I mean, how can you adequately explain the technical accomplishments of "Citizen Kane" to a bunch of people for whom deep-focus is so easy on a consumer camcorder? Or the difficulties of developing a full-color process that affect the way early color movies look? Or why we have widescreen today? Not to mention the most obvious thing of all: since most movies are still shot on film, how are students going to understand why they look the way they do if film technology is a mystery to them?

 

 

Now Hal that is a sensible approach.

 

"Film" schools that chuck out film are clearly doing so for monetary reasons and to cave into the group of undisciplined "but I want to see it now" generation.

 

Imagine graduating from a four year film program with no experience shooting film, the idea is preposterous.

 

Wait, wait, I know, it's not about the format it's about the story. I've met a lot fo these film school grads who thought all of that techie stuff and button pushing was beneath them because they can always hire people to do that stuff for them.

 

They will continue to live in their parents basements until they are 35.

 

R,

 

I often find the gap between "film theory" of what we believe people should know versus what someone really needs to know for an actual career that pays the bills interesting.

 

With that in mind, both Richard and David, your comments caught my eye.
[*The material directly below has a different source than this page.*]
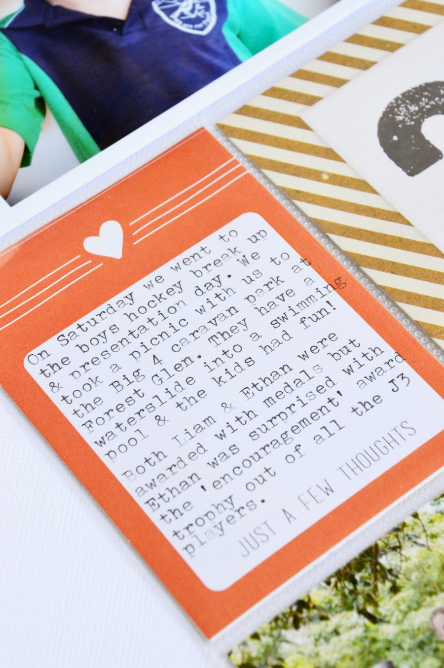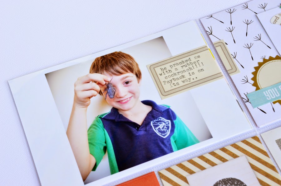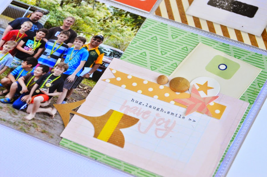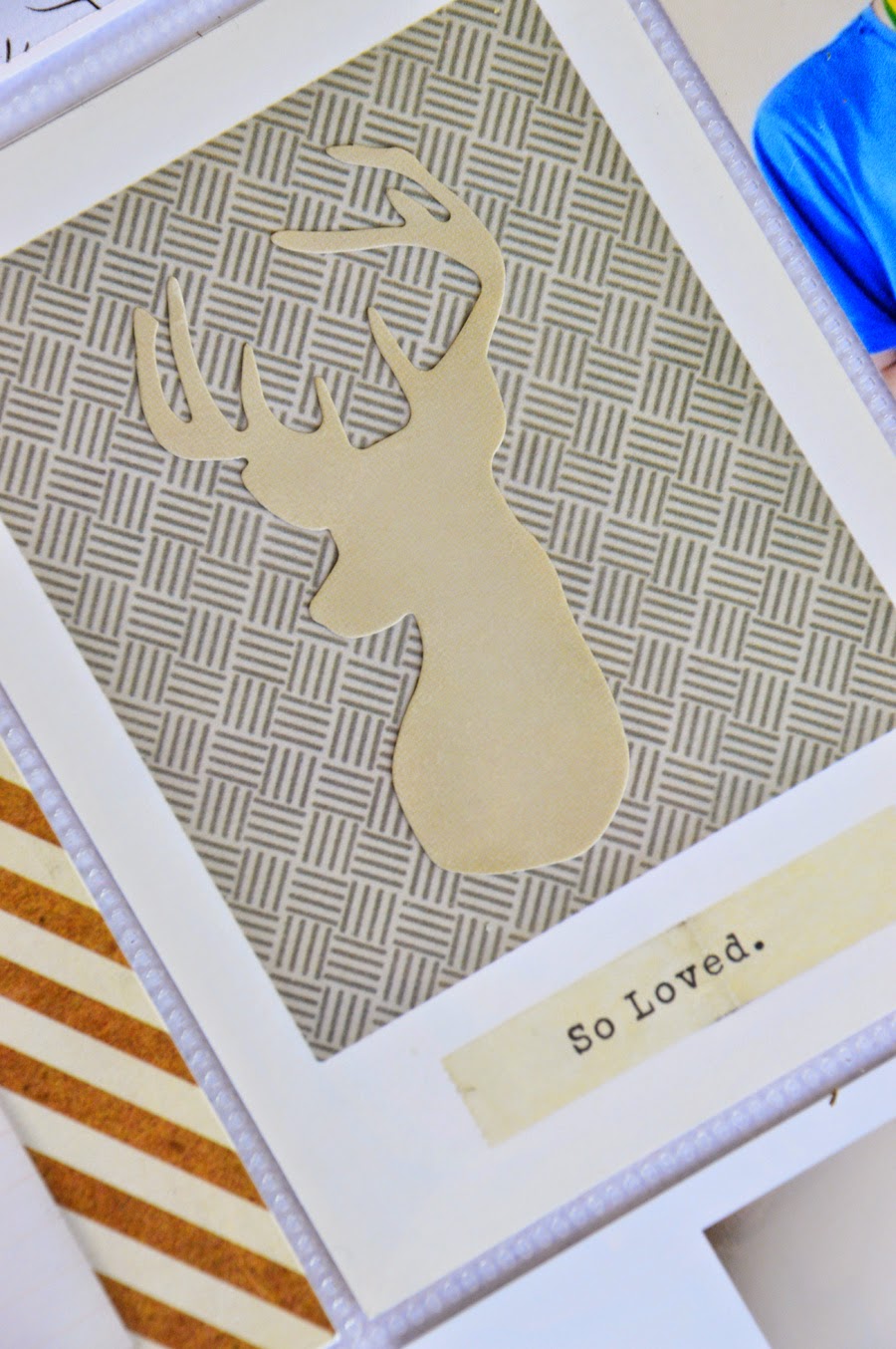 I have played with stickers quite a bit over the last few weeks. Most of the time they have helped create clusters and layers, but sometimes a sticker on it's own can make quite the statement. The deer head was too beautiful not to be used with these two collections. This pocket hasn't been overly embellished and symbolically, it reminds me of my own two young "bucks" - Liam & Ethan. If you note from the main photo of page one, I have even included a number "2" next to the deer head. *grin* Sometimes there is method to my madness!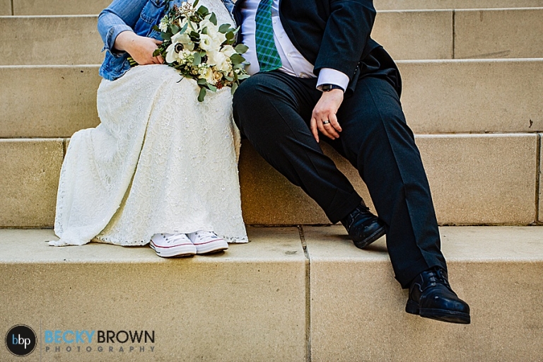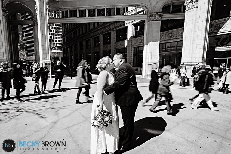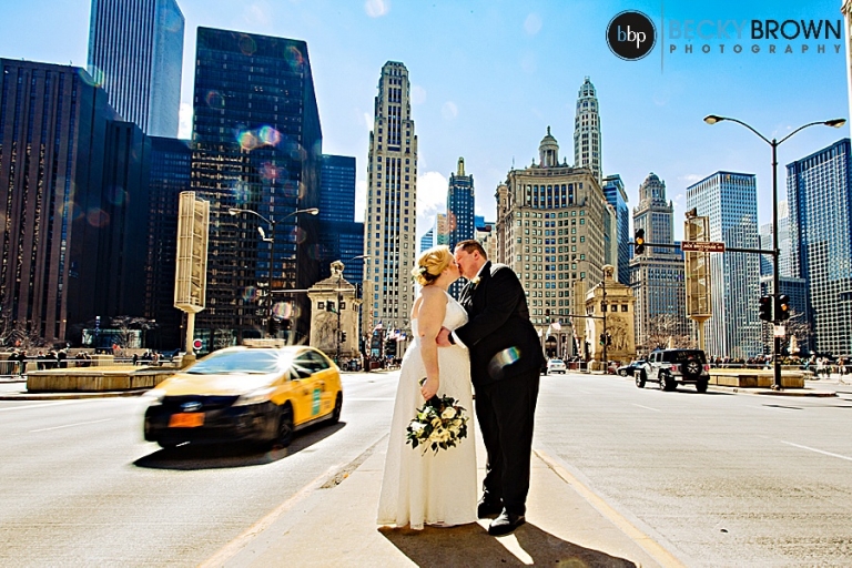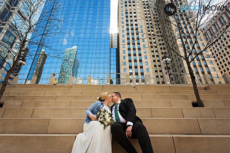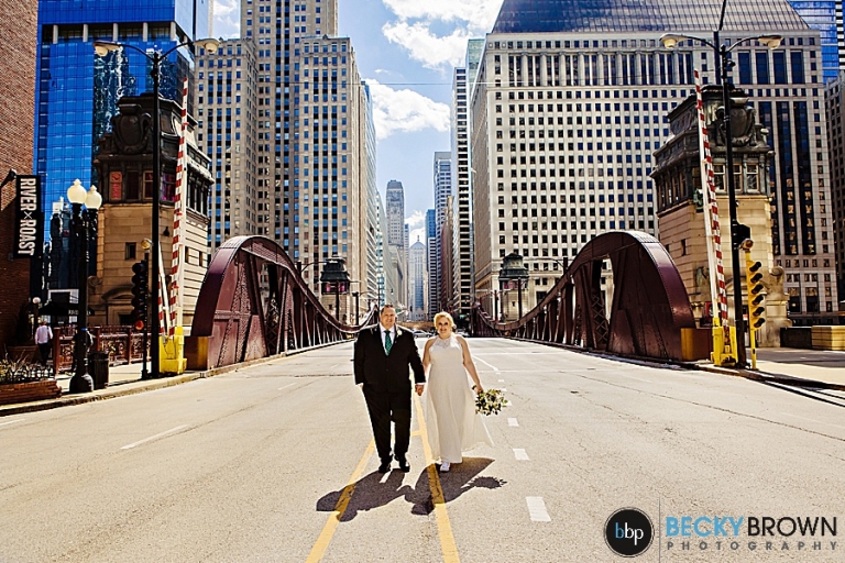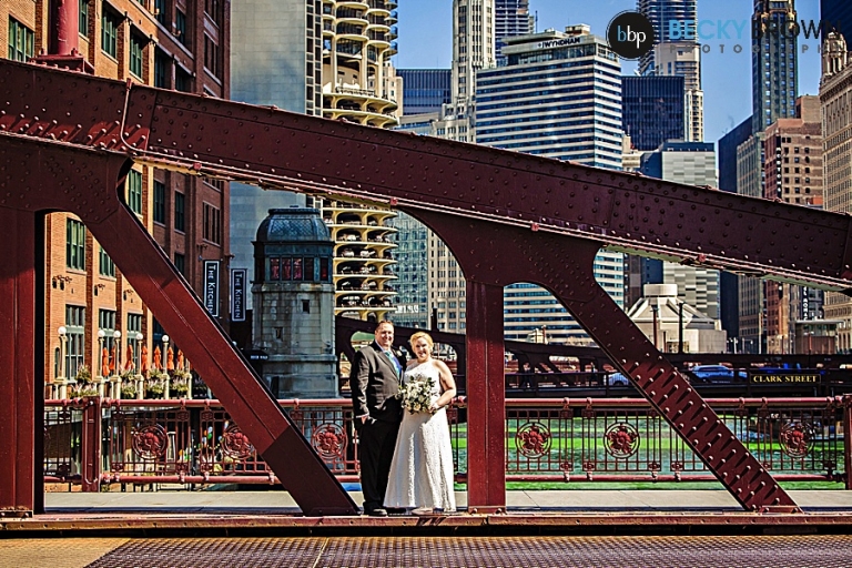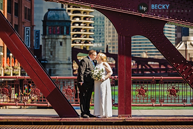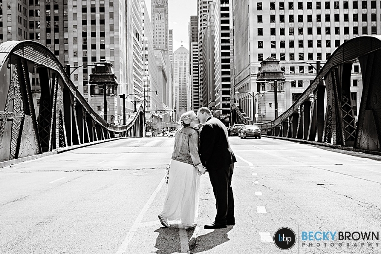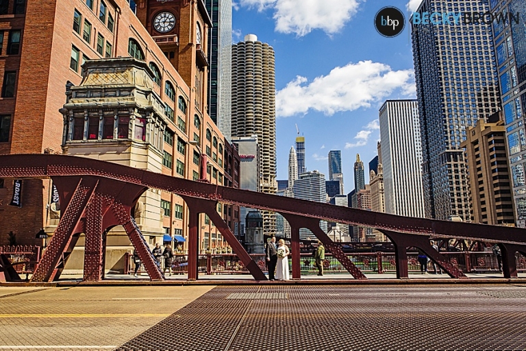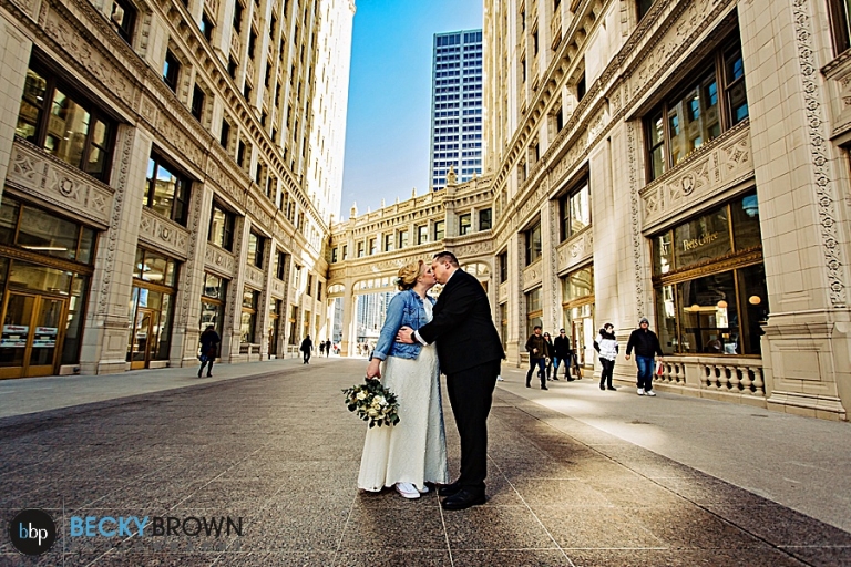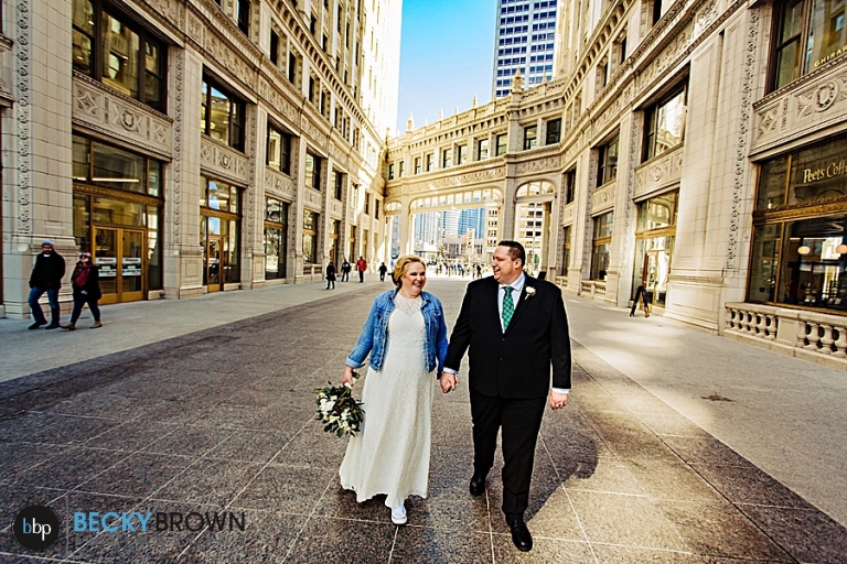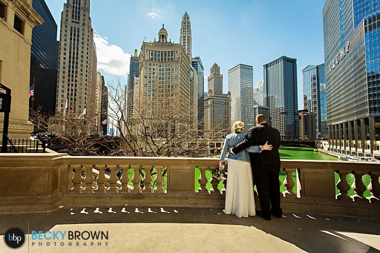 After their ceremony we popped some champagne and soaked in the view before heading out. I love that Michelle switched to her jean jacket and Chuck Taylors for outdoor photos. I’m always a fan of being yourself! It was still chilly, but thankfully we didn’t need to fully bundle up and the sun was out. We walked out to the Wrigley Building and Michigan Ave right nearby and headed over to LaSalle Bridge for all the best green river angles and views!

I am most curious as to who you define as "film students"? I mean, who exactly are we all talking about? Richard, these "film school grads" aren't necessarily all heading off to Hollywood to become Director's of Photography so you are right in saying that "they can always hire people to do that stuff for them." Of course! That's what we're here for. Isn't it? A Producer or a Director or anyone else on the set for that matter doesn't really have to know how or why film or digital works. Sure, knowing more than less would definitely be a huge plus for a variety of valid reasons, but unless they actually care to know about the technical aspects of cameras and/or formats, teaching that kind of information won't necessarily be worth the professor's time.

 

Should an up and coming Director know the capabilities and limitations of his tools? Of course! Does he have to in order to do his own job? Not in the least. Does the DP have to know? Definitely. Because that's his job to know so that he can offer guidance (if allowed) and can answer questions (if posed). As a cameraman, I don't have to know how to edit in order to choose angles, lenses, and exposures. It just so happens that I was an editor for a time so that experience makes me a better cameraman. But I still don't have to know that skill in order to have a career as a cameraman just as a Director or Producer (or anyone else on set) doesn't have to know (or care) which kind of box we're using to acquire images with. What we do use may or may not affect the kinds of images they hope to tell their story with, which is why they hire us as consultants in the first place (or at least we hope that's part of it). We're not just button-pushers, but the truth is that sometimes that's really all we're seen and treated as.

 

But none of that matters because a lot of film programs aren't geared toward turning out the technical crafts anyway (in a real-world practical sense), so when we say "film school grads" or just "film students," the reality is that most of them aren't going to wind up in the camera department or in IA 600 and they probably don't want to. I'm not arguing that the technicalities of exposing and developing film stock shouldn't be taught at all, but unless a student is actually specifically targeting a career as a cinematographer (exposing film stock or shooting HD), the practicality of learning film specific technology isn't as pertinent as, say, understanding story (in the case of a Director or Editor) or learning the business of the industry (in the case of a Producer or Production Manager).

 

So back to the original question, I get confused when a term like "film student" get tossed out in such a generic way, as if every film student out there absolutely has to know everything there is to know about exposing film. That's assuming that every "film student" wants to be a cameraman or even wants to work in features. It just isn't true. Of course, a "film student" who wants to have an actual career as a cinematographer/cameraman/DP/videographer should learn as much about ALL the technologies if possible because that is the focus of his career path. But is it absolutely necessary for every "film student" to use actual film when using a different technology at that stage can be just as useful for their own specialized skill?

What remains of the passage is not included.